Venmo – following an unflattering Slate article about security holes that could potentially leave their customers at risk of having their accounts hijacked – will start today with a sweeping run of security upgrades to their popular money transfer and payments app. The article described the shortcomings of Venmo’s security practices through the tale of one unlucky hacked user.
Venmo general manager Michael Vaughan wrote in a blog post, “We’re working to be more responsive to your support inquiries. We’ve made significant progress and will continue to improve in this area.”
Vaughan also wrote that going forward, when a user’s email address is changed — often the first step taken by hackers after gaining access to an account — the user will receive a notification to both the old email and the new one. Similar notifications will be in place for password and phone number changes.

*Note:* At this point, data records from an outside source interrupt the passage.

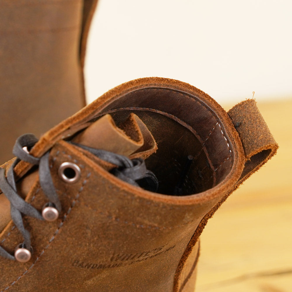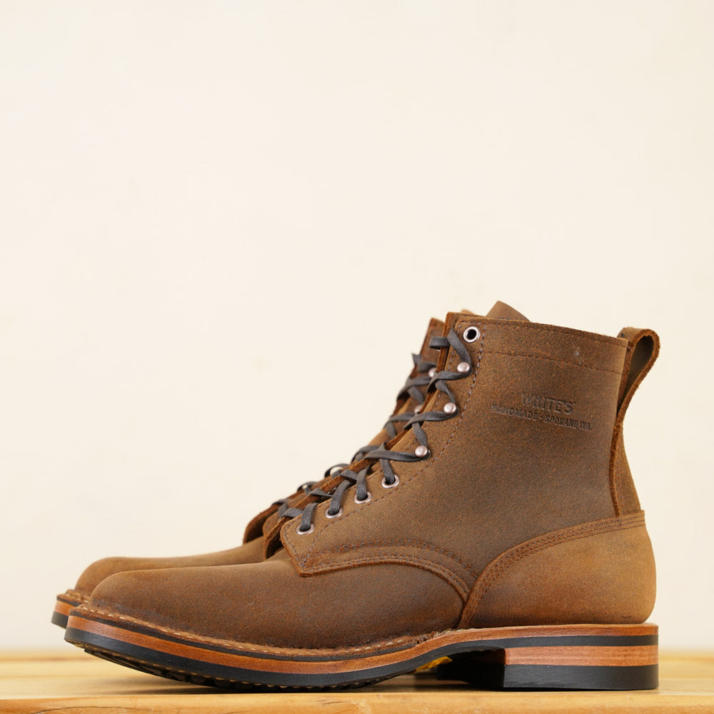 Construction: Every pair of White’s boots are handmade from start to finish. All leather, no synthetic materials or fillers are used. Stitch-down construction for strength, comfort and ability to resole. Stitched throughout with heavy gauge waxed thread. Flexible oak tanned leather mid soles, optional Vibram outer soles, strong all-leather shank custom shaped to fit your foot and the finest leather uppers that will only get better with age all make White’s a real workhorse of a boot.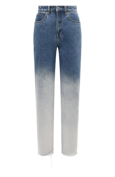 Прямые джинсы из плотного хлопка выбелены в фирменной технике Glacier, которая создала градиентный переход от насыщенного голубого оттенка к почти белому. Более темный участок денима сзади на поясе имитирует след от утерянного патча. Под ним вышили эмблему 3x4, а правый задний карман подчеркнули накладкой со слоганом Royalty heroism and the streets. Нижний край оставили необработанным, сформировав на нем крупные потертости.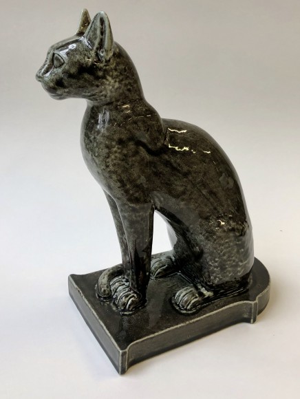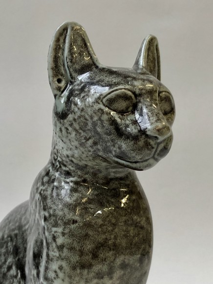 Rare représentation en céramique coloris gris moucheté du chat, modèle inspiré de la déesse Bastet, divinité importante des de l’ancienne Egypte . Pièce signée Théodore Deck en creux sous la base . Théodore Deck né en 1823 à Guebwiller en Alsace , décédé à Paris en 1891, céramiste de renommée internationale . Ses recherches sur les couleurs utilisée sur les céramiques de la Chine et de la Perse antique ont assis sa notoriété. Il mit au point le fameux « bleu Deck » et développa une série décors sur le thème du japonisme très en vogue sur la fin du XIX ème siècle. Il obtient de nombreux prix au cour de manifestations internationales sur les arts décoratifs et des médailles lors de participation aux Expositions internationales. Il fut nommé, parallèlement à son activité de céramiste, directeur de la Manufacture Nationale de Sèvres.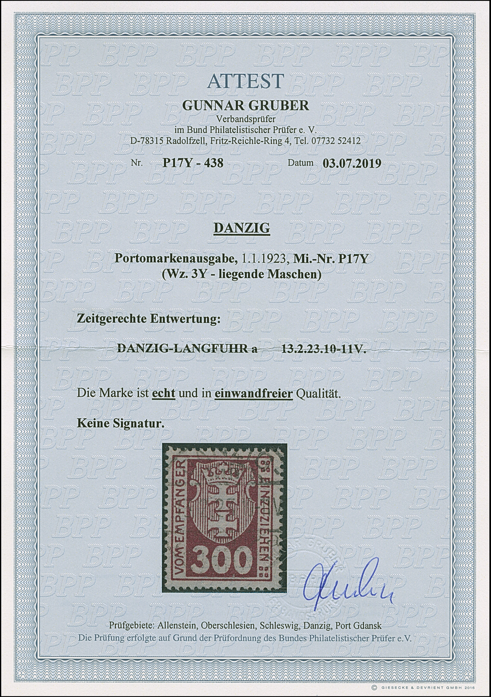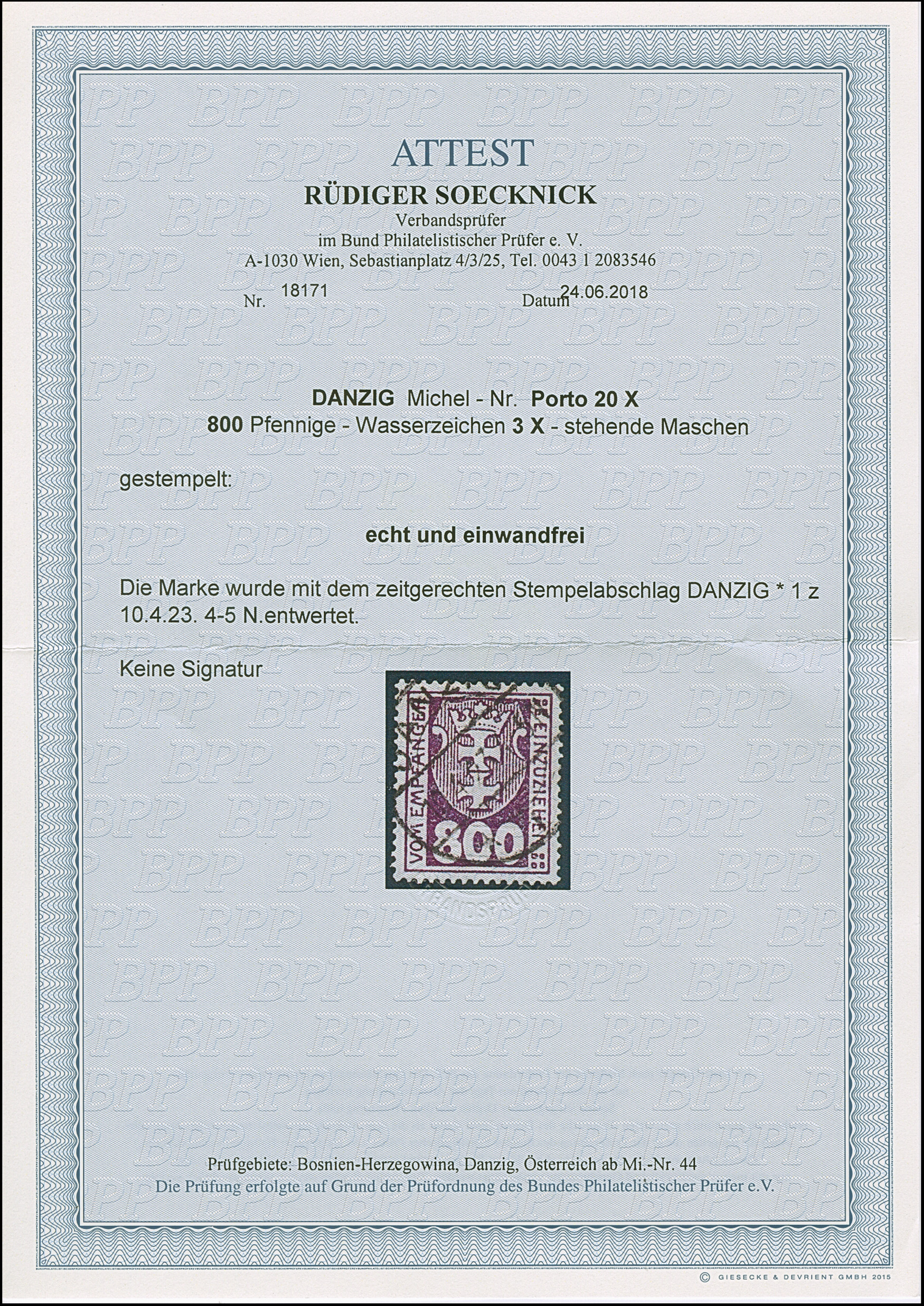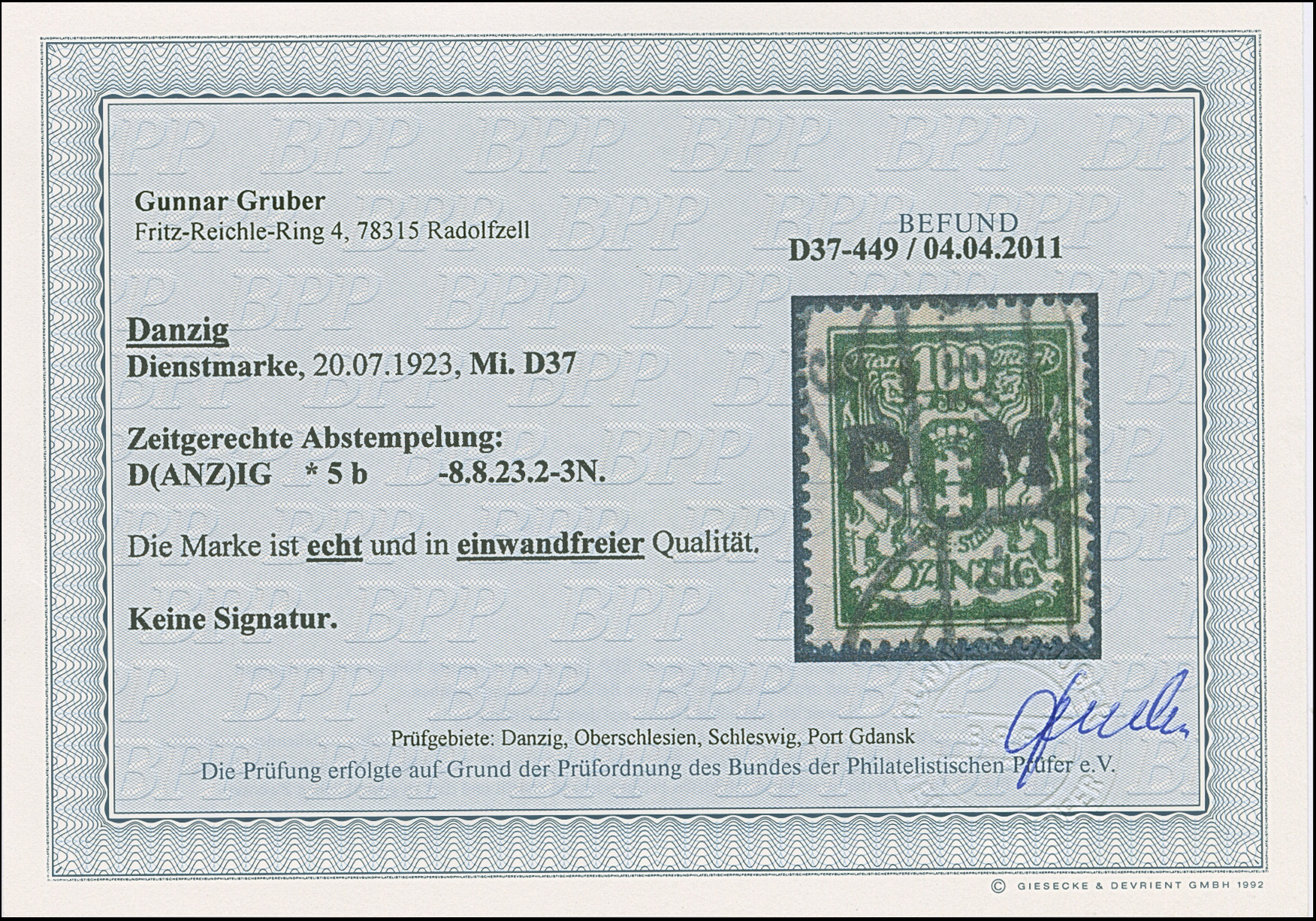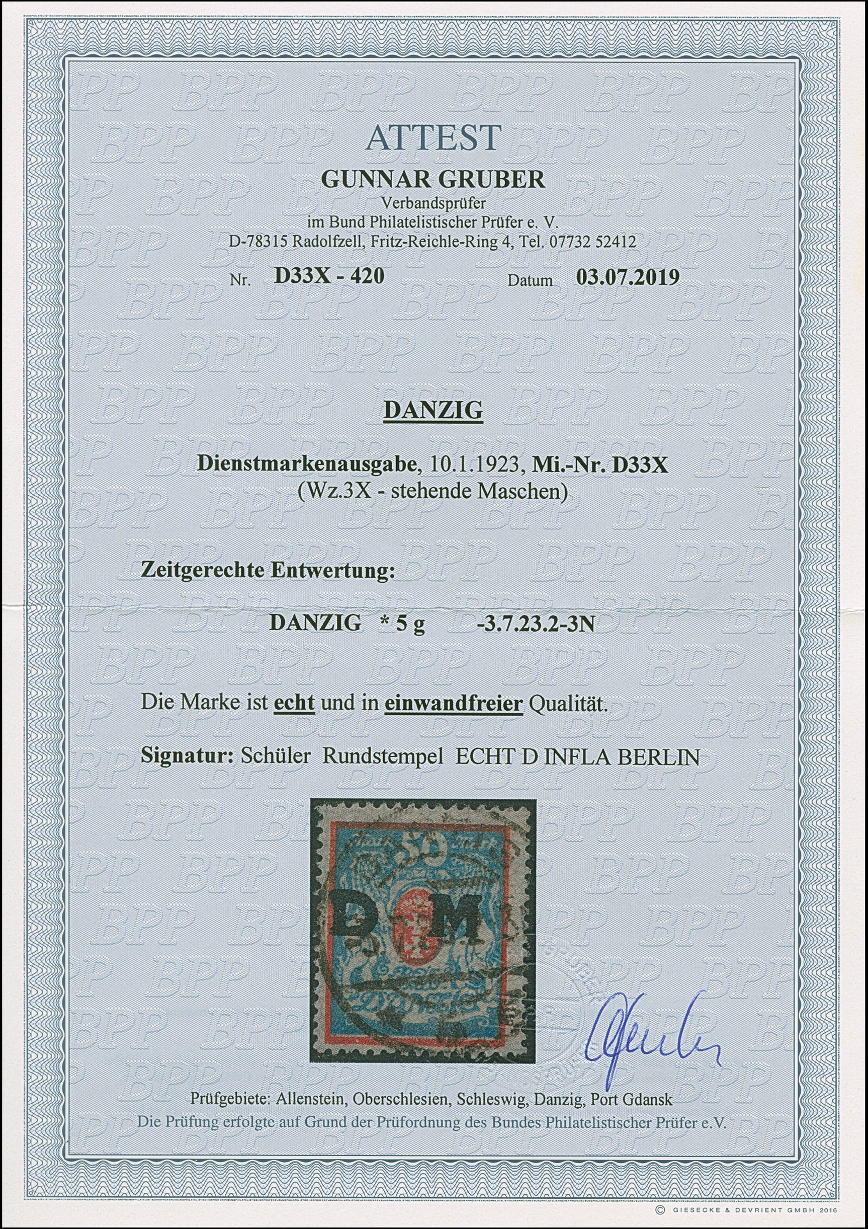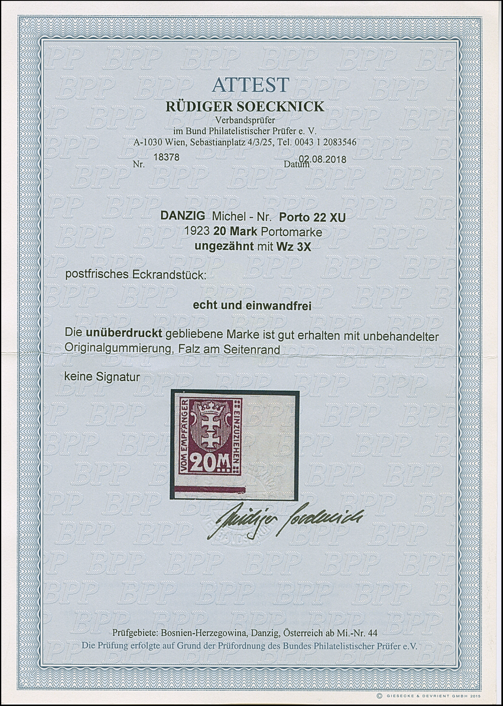 1923, 100000 auf 20 Mark, glänzender Aufdruck, farbfrisch und gut gezähnt, sauber und klar, zeitgerecht gestempelt “DANZIG 20.10.23”, tadellos, u.a. sign. Infla sowie Gruber BPP mit Fotoattest (2019)

Slate also noted Venmo’s lack of two-factor authentication. Such systems – widely used in financial services – require users to enter a passcode sent by text message to their phone before logging in from a new or untrusted device or making significant account changes.
“We’ll also be rolling out multifactor authentication (MFA) in the coming weeks, among other product features, to further enhance user security and experience,” Vaughan wrote in the post today.
Venmo is owned in part by eBay and may soon face more time in the sun as eBay’s payments company, PayPal, will be spinning off in an IPO later this year.
John Donahoe, the chief executive officer of eBay, recently said on an earnings call with analysts that Venmo was “on fire,” which would be a good thing except for the fact that the said “fire” seems to have attracted cyber-looters.